Scientists discover how crucial life ingredient forms in space

This graphic depicts methanol's chemical structure (CH₃OH) breaking down into hydroxymethylene (HCOH), a crucial precursor to the building blocks of life. Credit: Leah Dodson and Emily Hockey.

A team of chemists from the University of Maryland has uncovered a new method to create carbenes, a class of highly reactive molecules essential to many chemical reactions, including the formation of carbohydrates.

These molecules are vital for the building blocks of life on Earth—and potentially in space.

The researchers successfully created a carbene called hydroxymethylene (HCOH) by breaking down methanol, a common industrial chemical, using ultraviolet (UV) radiation.

Their findings were published in the Journal of the American Chemical Society.

“It’s surprising to see this carbene come from such a commonplace molecule like methanol—we have squirt bottles of it in labs everywhere,” said Leah Dodson, an assistant professor of Chemistry and Biochemistry at UMD and the senior author of the paper. “193-nanometer wavelength UV lasers are also fairly standard.

This means that carbenes could be naturally forming in places like space, where there is a lot of methanol and ultraviolet radiation.
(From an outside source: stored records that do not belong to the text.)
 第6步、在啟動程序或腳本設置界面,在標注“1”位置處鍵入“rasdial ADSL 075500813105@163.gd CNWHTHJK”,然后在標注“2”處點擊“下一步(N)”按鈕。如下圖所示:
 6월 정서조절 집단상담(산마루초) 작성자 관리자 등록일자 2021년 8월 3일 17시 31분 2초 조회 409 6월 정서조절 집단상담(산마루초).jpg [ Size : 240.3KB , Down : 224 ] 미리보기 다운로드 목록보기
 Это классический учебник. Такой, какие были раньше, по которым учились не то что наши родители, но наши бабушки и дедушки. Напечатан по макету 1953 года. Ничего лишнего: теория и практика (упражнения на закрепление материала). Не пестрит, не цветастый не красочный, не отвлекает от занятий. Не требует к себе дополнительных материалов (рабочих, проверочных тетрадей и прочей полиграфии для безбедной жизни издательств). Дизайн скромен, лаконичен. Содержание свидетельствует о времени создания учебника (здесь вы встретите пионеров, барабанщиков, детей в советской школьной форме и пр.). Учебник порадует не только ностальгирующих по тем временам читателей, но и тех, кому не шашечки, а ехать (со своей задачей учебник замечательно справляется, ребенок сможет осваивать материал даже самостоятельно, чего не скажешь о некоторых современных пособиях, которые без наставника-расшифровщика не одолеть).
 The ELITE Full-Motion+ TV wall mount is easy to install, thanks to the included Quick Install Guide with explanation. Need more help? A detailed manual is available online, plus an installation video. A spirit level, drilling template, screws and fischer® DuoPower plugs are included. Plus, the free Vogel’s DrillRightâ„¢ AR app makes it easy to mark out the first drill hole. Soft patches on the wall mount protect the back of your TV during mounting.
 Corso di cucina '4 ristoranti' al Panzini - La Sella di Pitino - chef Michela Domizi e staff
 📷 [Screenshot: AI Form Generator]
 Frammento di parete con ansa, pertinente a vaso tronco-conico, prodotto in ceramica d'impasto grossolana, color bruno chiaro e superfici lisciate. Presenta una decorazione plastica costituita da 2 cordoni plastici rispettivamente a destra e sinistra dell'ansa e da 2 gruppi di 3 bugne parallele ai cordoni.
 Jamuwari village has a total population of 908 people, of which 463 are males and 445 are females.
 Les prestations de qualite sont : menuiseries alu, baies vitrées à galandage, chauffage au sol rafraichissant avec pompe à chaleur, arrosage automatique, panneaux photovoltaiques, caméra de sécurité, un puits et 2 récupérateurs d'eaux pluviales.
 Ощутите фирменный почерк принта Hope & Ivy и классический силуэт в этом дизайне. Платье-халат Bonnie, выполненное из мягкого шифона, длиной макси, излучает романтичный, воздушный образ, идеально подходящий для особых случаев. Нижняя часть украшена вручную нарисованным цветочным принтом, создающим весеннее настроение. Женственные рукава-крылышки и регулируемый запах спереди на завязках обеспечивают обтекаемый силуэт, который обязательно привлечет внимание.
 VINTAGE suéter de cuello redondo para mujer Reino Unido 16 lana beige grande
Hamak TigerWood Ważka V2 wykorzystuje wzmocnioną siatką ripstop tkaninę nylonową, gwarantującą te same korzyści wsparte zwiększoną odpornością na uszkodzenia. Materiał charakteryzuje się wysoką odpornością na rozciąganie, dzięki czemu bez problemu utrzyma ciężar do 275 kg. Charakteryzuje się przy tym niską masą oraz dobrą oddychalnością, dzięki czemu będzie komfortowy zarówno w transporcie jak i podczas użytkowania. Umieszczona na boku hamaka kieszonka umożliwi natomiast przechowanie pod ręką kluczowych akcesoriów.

And further reactions of carbenes formed in space through this process could lead to biomolecules that make up life.”

The study’s lead author, Emily Hockey, explained that the research provides clues about how carbenes form and react on Earth, shedding light on their potential to create sugars necessary for life.

“There’s established research that suggests that HCOH can react to form simple sugars, including some that have previously been detected in space.

We think it’s possible that this carbene, since it comes from a molecule that’s so ubiquitous in space and can be detected anywhere, is the missing piece bridging gaps in our knowledge of how methanol and simple sugars can lead to bigger, more advanced biomolecules,” Hockey said.

Carbenes are typically short-lived and highly reactive, making them difficult to study. However, the UMD team’s novel method allowed them to observe the formation and decay of HCOH over millisecond timescales. Surprisingly, they found that HCOH reacted relatively slowly with oxygen at room temperature.

“When we looked at HCOH’s reactivity in our room temperature system, we saw that it decayed within 15 milliseconds,” Hockey explained.

“What’s interesting is that because carbenes are thought to be a super reactive species, it’s reasonable to assume that this carbene would react so quickly to something like oxygen that it’s impossible to catch. But that’s not what happened.”

The researchers believe their method will help astronomers and astrochemists gain new insights into the origins of life and how it may have evolved differently in space.

They plan to further investigate methanol’s breakdown and quantify the different products yielded by its reaction to UV light.

“We know that carbenes like HCOH are formed during our process, but we’d like to dig deeper into what percentage of it ends up as formaldehyde, methylene, or other hydrocarbon radicals,” Hockey explained.

Understanding the types and amounts of products created by breaking down methanol with UV radiation would provide astronomers and astrochemists with a more accurate view of how life evolved from these molecules.

“If the existing data on what is produced from methanol photodissociation are wrong, then the models being propagated will be incorrect as well—and our understanding of how life evolved from these molecules could also be compromised,” Dodson said.

“Our follow-up work will hopefully lay the groundwork for those types of simulations.”